The next big LHC upgrade? Software.


Compatible and sustainable software could revolutionize high-energy physics research.

The World Wide Web may have been invented at CERN, but it was raised and cultivated abroad. Now a group of Large Hadron Collider physicists are looking outside academia to solve one of the biggest challenges in physics—creating a software framework that is sophisticated, sustainable and more compatible with rest of the world.

“The software we used to build the LHC and perform our analyses is 20 years old,” says Peter Elmer, a physicist at Princeton University. “Technology evolves, so we have to ask, does our software still make sense today? Will it still do what we need 20 or 30 years from now?”

Elmer is part of a new initiative funded by the National Science Foundation called the DIANA/HEP project, or Data Intensive ANAlysis for High Energy Physics. The DIANA project has one main goal: improve high-energy physics software by incorporating best practices and algorithms from other disciplines.

“We want to discourage physics from re-inventing the wheel,” says Kyle Cranmer, a physicist at New York University and co-founder of the DIANA project. “There has been an explosion of high-quality scientific software in recent years. We want to start incorporating the best products into our research so that we can perform better science more efficiently.”

DIANA is the first project explicitly funded to work on sustainable software, but not alone in the endeavor to improve the way high energy physicists perform their analyses. In 2010 physicist Noel Dawe started the rootpy project, a community-driven initiative to improve the interface between ROOT and Python.

“ROOT is the central tool that every physicist in my field uses,” says Dawe, who was a graduate student at Simon Fraser University when he started rootpy and is currently a fellow at the University of Melbourne. “It does quite a bit, but sometimes the best tool for the job is something else. I started rootpy as a side project when I was a graduate student because I wanted to find ways to interface ROOT code with other tools.”

Physicists began developing ROOT in the 1990s in the computing language C++. This software has evolved a lot since then, but has slowly become outdated, cumbersome and difficult to interface with new scientific tools written in languages such as Python or Julia.

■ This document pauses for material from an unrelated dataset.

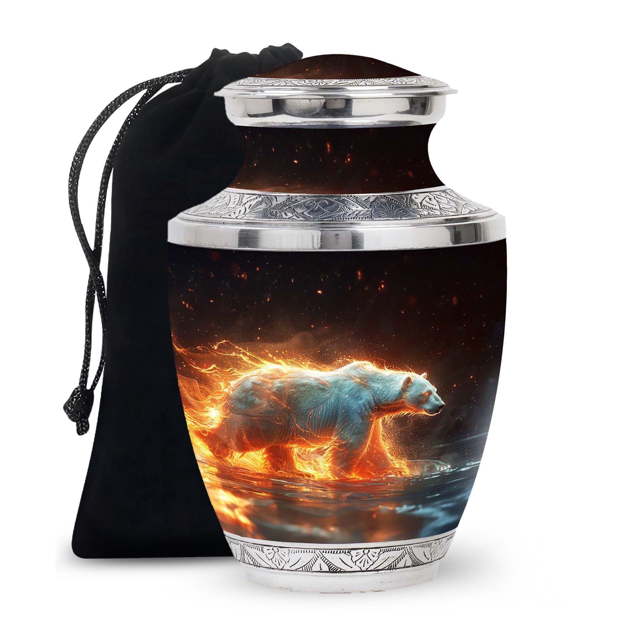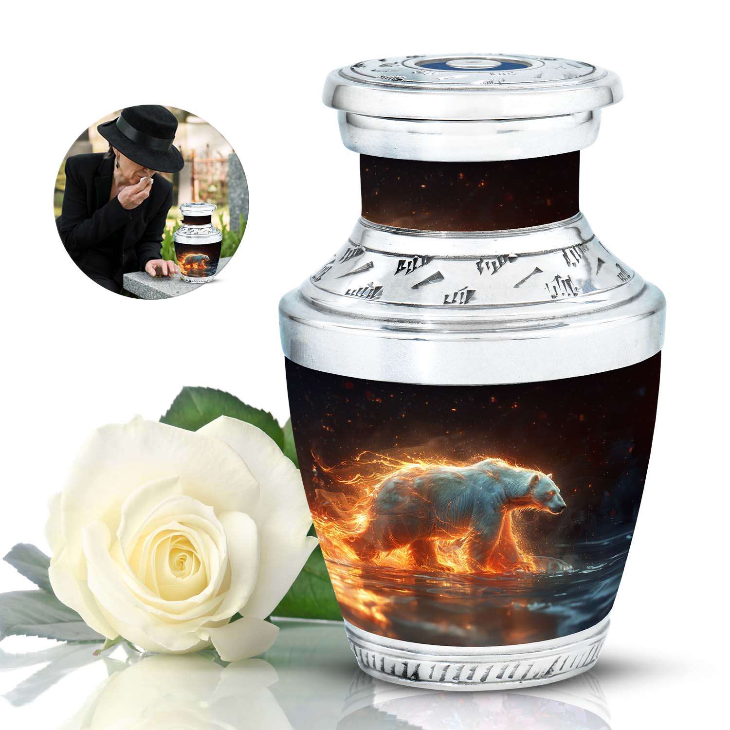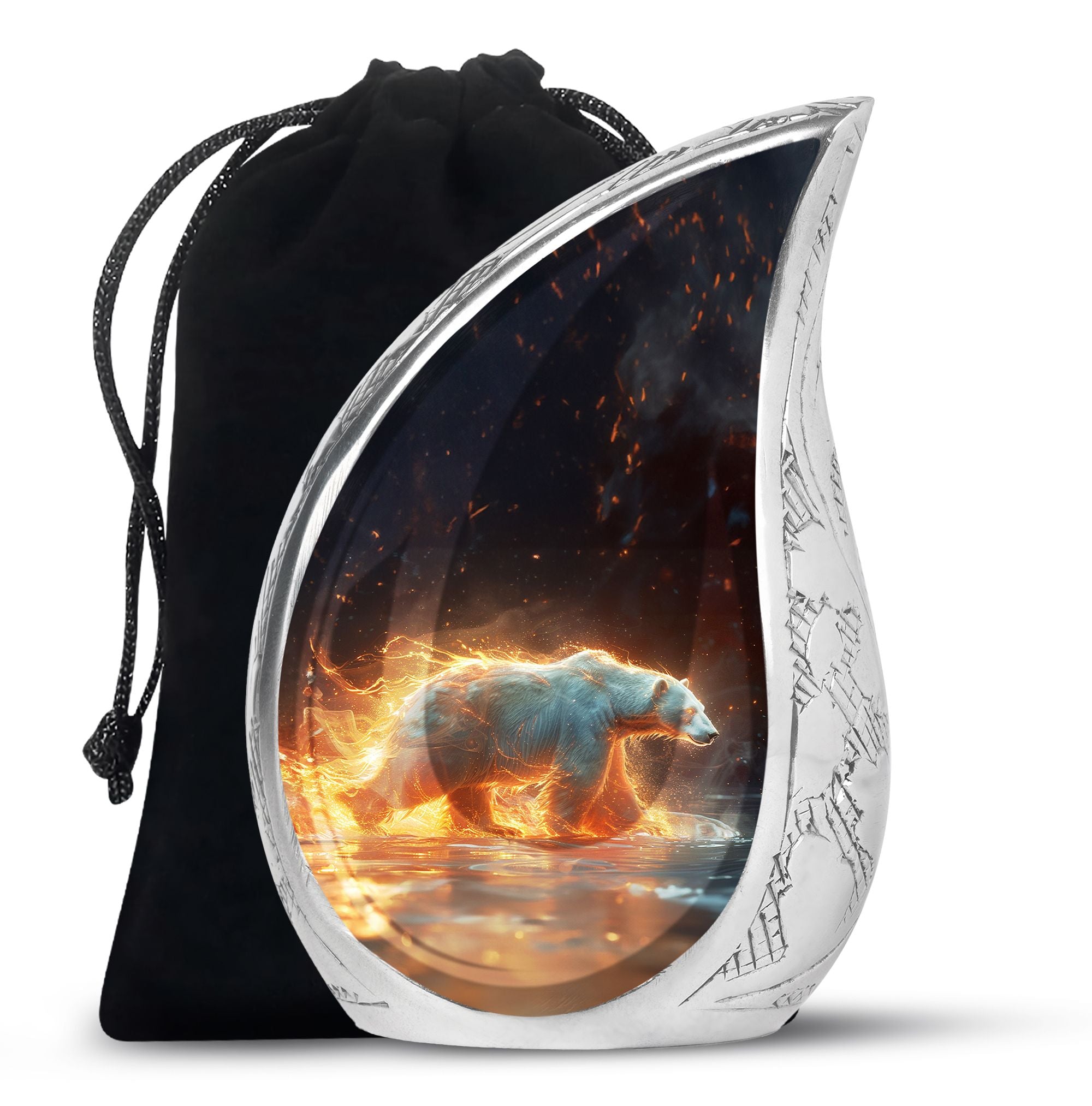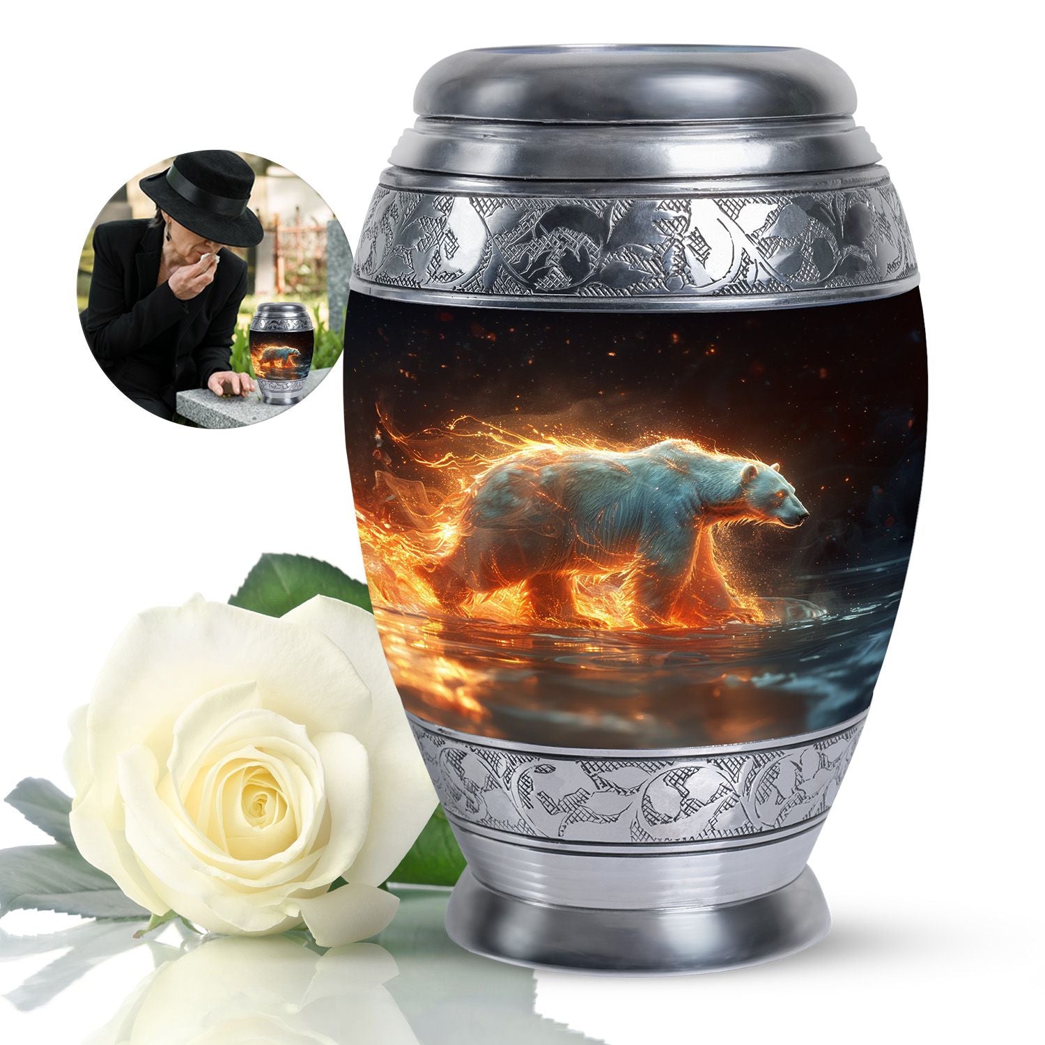 The Fierce Polar Bear Urn offers a powerful and heartfelt tribute to honor the memory of your loved one. Crafted with care, this urn serves as a meaningful cremation remains container and commemorative urn, providing families a way to preserve precious memories and create lasting keepsakes for ashes of loved ones.

C++ has also evolved over the course of the last twenty years, but physicists must maintain a level of backward compatibility in order to preserve some of their older code.

“It’s in a bubble,” says Gilles Louppe, a machine learning expert working on the DIANA project. “It’s hard to get in and it’s hard to get out. It’s isolated from the rest of the world.”

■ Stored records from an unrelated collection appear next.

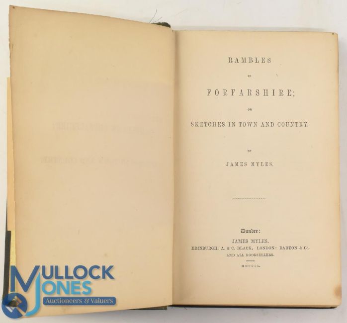 Rambles In Forfarshire by James Myles 1850. An Interesting 289 page book detailing the author's expensive travels in this region, places of interest, its history, the people at that time, what to see (a useful book for holidays there even today), in original cloth board covers, size 4¾" x 7½"
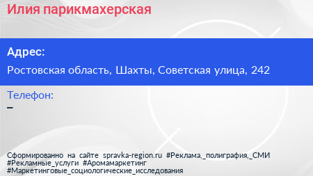 Илия, парикмахерская по адресу Ростовская область, Шахты, Советская улица, 242 в дальнейшем Организация, размещена в следующих категориях:
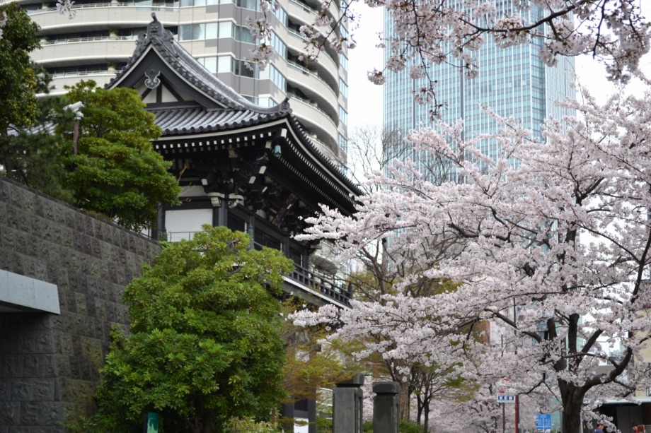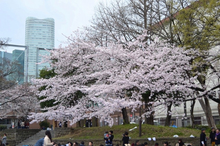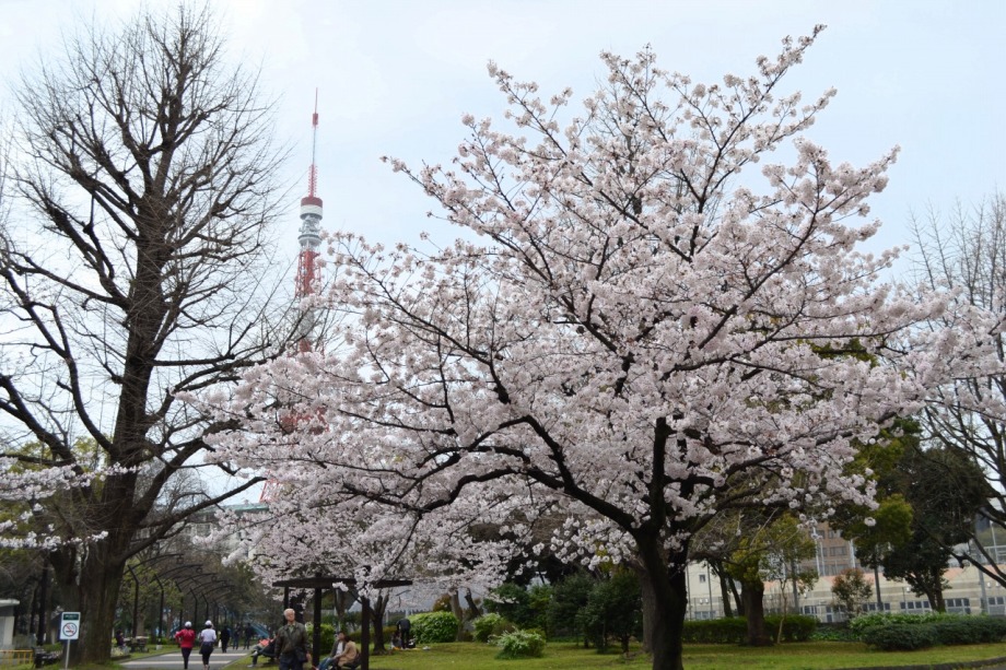 「一言」愛宕神社の前の通リに立派な桜並木が出来ていました。愛宕神社から愛宕グリーンヒルズの回りまで、長い桜並みで綺麗です。 芝公園の入り口にも桜の花が咲いていて、東京プリンスホテルの回りまで、桜の木がつながっています。芝公園の入り口には チューリップの花が咲いていました。芝高の横の広場にも大きな桜の木が多く、花見をする人がたくさんいました。

Before coming to CERN, Louppe was a core developer of the machine learning platform scikit-learn, an open source library of versatile data mining and data analysis tools. He is now a postdoctoral researcher at New York University and working closely with physicists to improve the interoperability between common LHC software products and the scientific python ecosystem. Improved interoperability will make it easier for physicists to benefit from global advancements in machine learning and data analysis.

“Software and technology are changing so fast,” Cranmer says. “We can reap the rewards of industry and everything the world is coming up with.”

One trend that is spreading rapidly in the data science community is the computational notebook: a hybrid of analysis code, plots and narrative text.  Project Jupyter is developing the technology that enables these notebooks. Two developers from the Jupyter team recently visited CERN to work with the ROOT team and further develop the ROOT version, ROOTbook.

“ROOTbooks represent a confluence of two communities and two technologies,” says Cranmer.

Physics patterns

To perform tasks such as identifying and tagging particles, physicists use machine learning. They essentially train their LHC software to identify certain patterns in the data by feeding it thousands of simulations. According to Elmer, this task is like one big “needle in a haystack” problem.

“Imagine the book Where’s Waldo. But instead of just looking for one Waldo in one picture, there are many different kinds of Waldos and 100,000 pictures every second that need to be analyzed.”

But what if these programs could learn to recognize patterns on their own with only minimal guidance? One small step outside the LHC is a thriving multi-billion dollar industry doing just that.

“When I take a picture with my iPhone, it instantly interprets the thousands of pixels to identify people’s faces,” Elmer says. Companies like Facebook and Google are also incorporating more and more machine learning techniques to identify and catalogue information so that it is instantly accessible anywhere in the world.

Organizations such as Google, Facebook and Russia’s Yandex are releasing more and more tools as open source. Scientists in other disciplines, such as astronomy, are incorporating these tools into the way they do science. Cranmer hopes that high-energy physics will move to a model that makes it easier to take advantage of these new offerings as well.

 “New software can expand the reach of what we can do at the LHC,” Cranmer says. “The potential is hard to guess.”